Description of the task
What is needed is an exact repeat of the lines from the one holding "Платье-Макси женское летнее" through the final line of the data, with no pictures.

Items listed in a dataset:
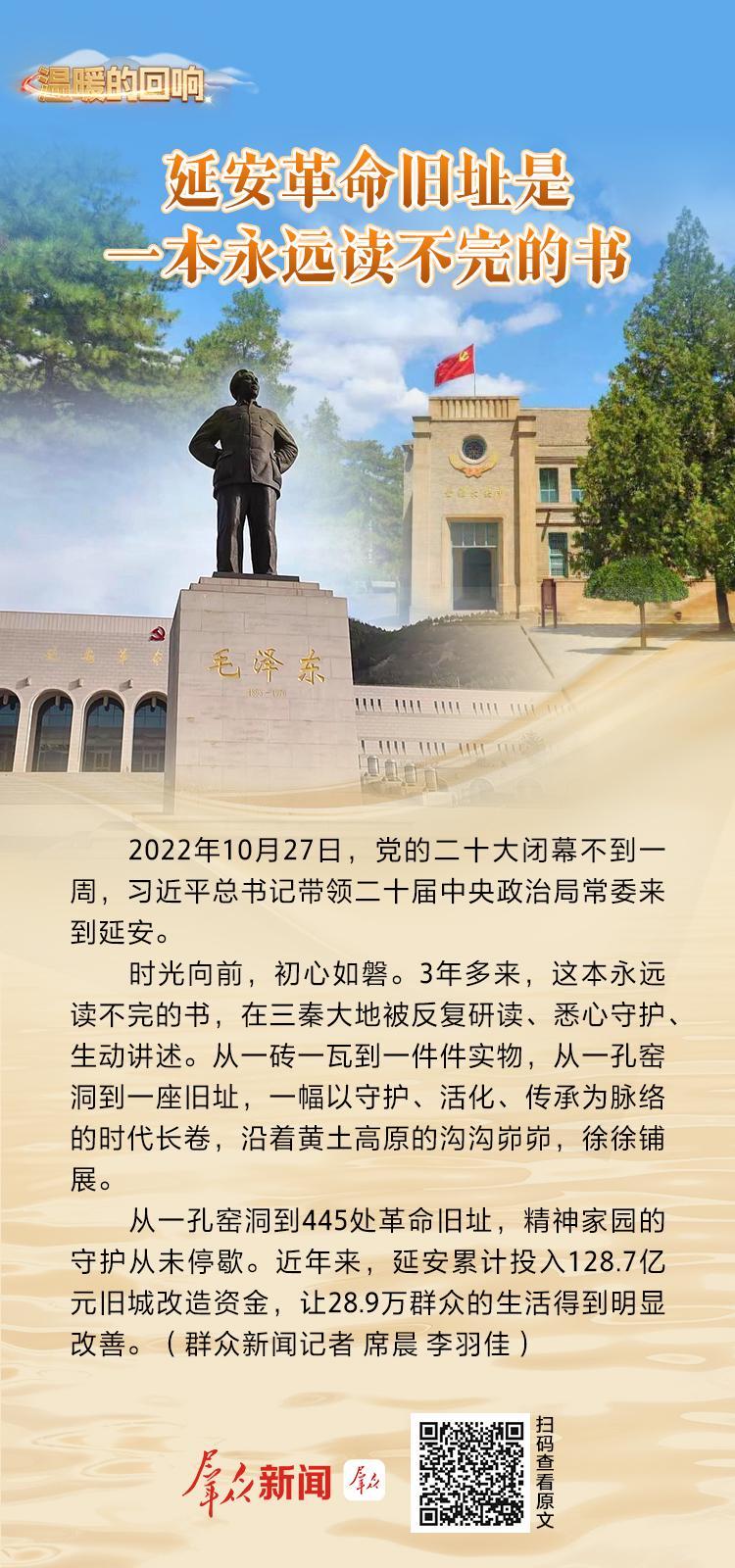 春到延安,松柏滴翠。 4月11日,杨家岭革命旧址,中央大礼堂的青砖灰瓦静默如初。一群“红领巾”用稚嫩而坚定的声音,向游客讲述八十多年前那场“团结的大会、胜利的大会”。几公里外的延安革命纪念馆,年轻父母俯身对孩子说:“看,这就是毛主席当年用过的小炕桌。”序厅红墙上,“胜利的出发点”几个大字,在灯光下熠熠生辉。 七十多年前,中国共产党从延安出发,走出窑洞、登上天安门城楼,开启了改天换地的伟大征程。 2022年10月27日,党的二十大闭幕不到一周,虎扑nba:总书记带领二十届中央政治局常委来到延安。总书记深刻指出:“延安革命旧址见证了我们党在延安时期领导中国革命、探索马克思主义中国化时代化的光辉历程,是一本永远读不完的书,每次来都温故而知新,受到深刻教育和启示。” 时光向前,初心如磐。3年多来,这本永远读不完的书,在三秦大地被反复研读、悉心守护、生动讲述。从一砖一瓦到一物一什,从一孔窑洞到一座旧址,一幅以守护、活化、传承为脉络的时代长卷,沿着黄土高原的沟沟峁峁,徐徐铺展。 守护:与时间赛跑 4月7日清晨,第一缕阳光越过山峁,洒在杨家岭的窑洞院落。 杨家岭革命旧址管理处主任侯振龙开始了一天的巡护。沿毛泽东旧居前的石阶拾级而上,一墙一瓦、一草一木,都像老朋友般熟悉。在这片红色热土上,这位文物工作者已默默守护近三十年。 他见证着保护方式的时代之变。上世纪90年代,每逢雨季,侯振龙和同事只能扛着塑料布爬上窑顶,一层层遮盖防护。土办法一用多年。如今,陕北生态持续向好,雨水增多、植被繁茂,文物渗水风险随之加大。“革命遗址不可再生,保护工作没有‘差不多’。”侯振龙语气坚定。 杨家岭被称为“延安的心脏”。中央大礼堂、毛泽东旧居、周恩来旧居……这些红色地标一度面临建筑沉降、墙体倾斜等隐患。传统抢救性保护总是“慢半拍”,如何变被动为主动? 答案,在科技创新中显现。
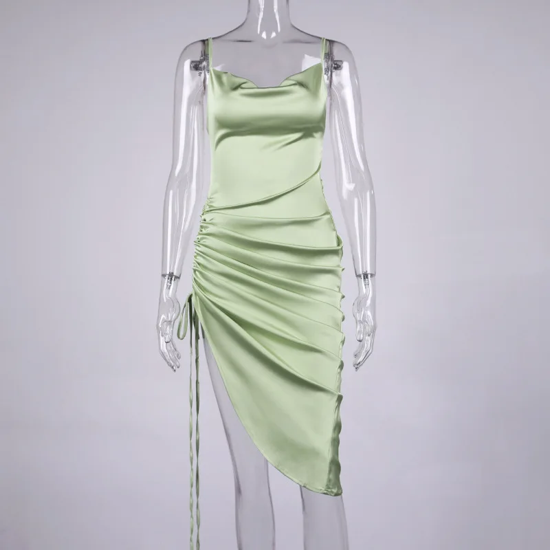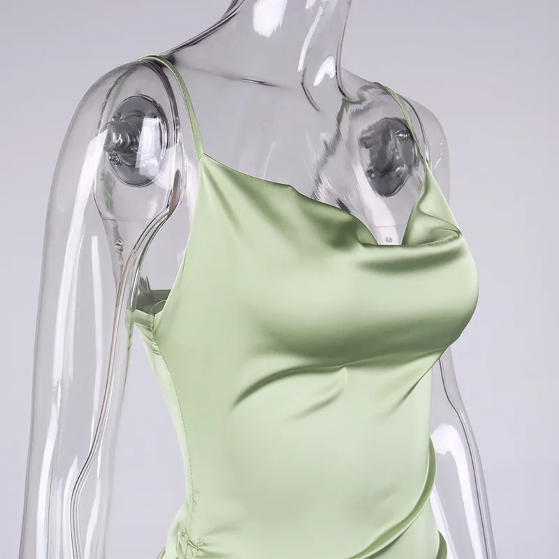 Платье-Макси женское летнее на тонких бретельках с рюшами и открытой спиной
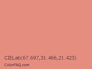 CIELab 67.697,31.466,21.423 Color is a light red color and the nearest color is Dark Salmon #e9967a. Hex code #e58e80 and RGB value is rgb(229,142,128). In RGB color space, this color is composed of 90% red, 56% green, 50% blue, In CMYK color space, this color is composed of 0% cyan, 38% magenta, 44% yellow , 10% black , In HSL color space, this color has a hue angle of 8° , 66% saturation and 70% lightness.
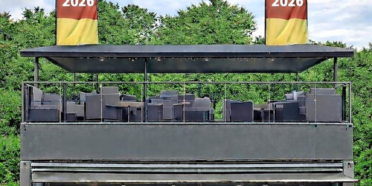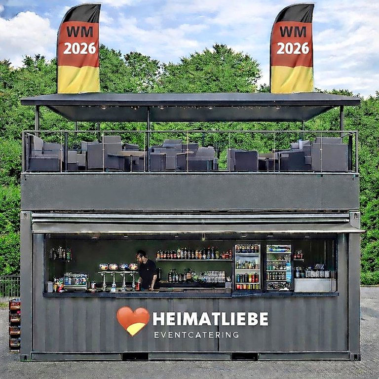 Hinzu kommt noch die Terrasse des Besucherzentrums. Dort können Fußballfans Restaurantflair genießen und nebenbei Fußball schauen. „Dieses Angebot übernimmt Jan Ruhland vom Warzer Hotel und Restaurant Grüner Wald. Wir wollten schon lang etwas gemeinsam anbieten“, freut sich der Chef von Heimatliebe. Vier weitere Container sind auf dem Areal verteilt, dort können sich die Fußballfans mit Getränken und Fingerfood versorgen.
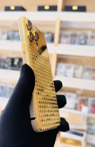 - Authentic iPhone 16 Pro Max 1 TB - Customized and electroplated with real 24K Gold, this iPhone has Diamond Zircon crystal encrustations in the housing and an engraved design. Personalized name engraving service included. Please let us know what name you need us to engrave after purchase.
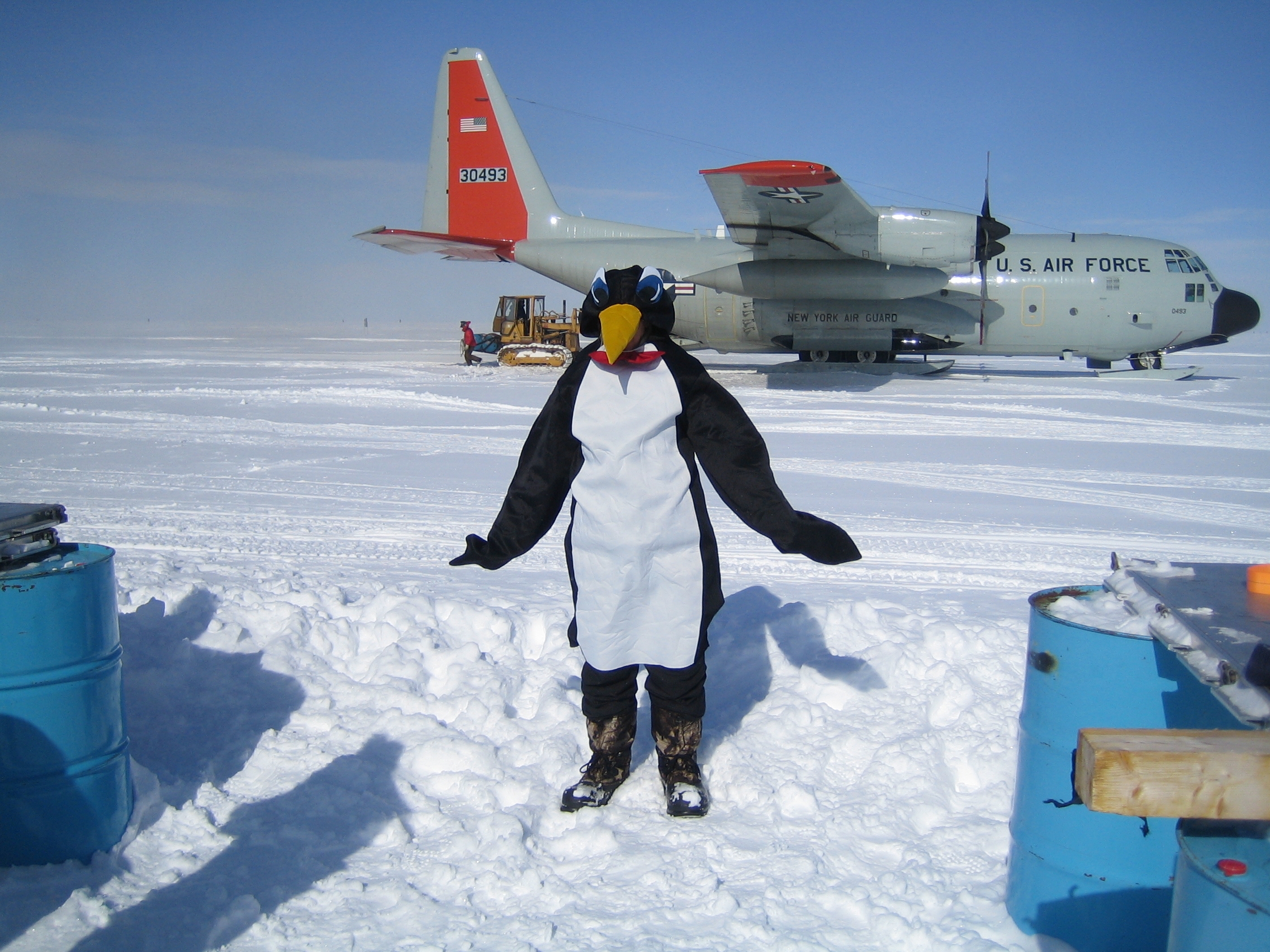 Cheri Hamilton poses in her penguin suit before leaving camp. NEEM Camp, Greenland.

Solved problem
 Платье-Макси женское летнее на тонких бретельках с рюшами и открытой спиной
 CIELab 67.697,31.466,21.423 Color is a light red color and the nearest color is Dark Salmon #e9967a. Hex code #e58e80 and RGB value is rgb(229,142,128). In RGB color space, this color is composed of 90% red, 56% green, 50% blue, In CMYK color space, this color is composed of 0% cyan, 38% magenta, 44% yellow , 10% black , In HSL color space, this color has a hue angle of 8° , 66% saturation and 70% lightness.
 Hinzu kommt noch die Terrasse des Besucherzentrums. Dort können Fußballfans Restaurantflair genießen und nebenbei Fußball schauen. „Dieses Angebot übernimmt Jan Ruhland vom Warzer Hotel und Restaurant Grüner Wald. Wir wollten schon lang etwas gemeinsam anbieten“, freut sich der Chef von Heimatliebe. Vier weitere Container sind auf dem Areal verteilt, dort können sich die Fußballfans mit Getränken und Fingerfood versorgen.
 - Authentic iPhone 16 Pro Max 1 TB - Customized and electroplated with real 24K Gold, this iPhone has Diamond Zircon crystal encrustations in the housing and an engraved design. Personalized name engraving service included. Please let us know what name you need us to engrave after purchase.
 Cheri Hamilton poses in her penguin suit before leaving camp. NEEM Camp, Greenland.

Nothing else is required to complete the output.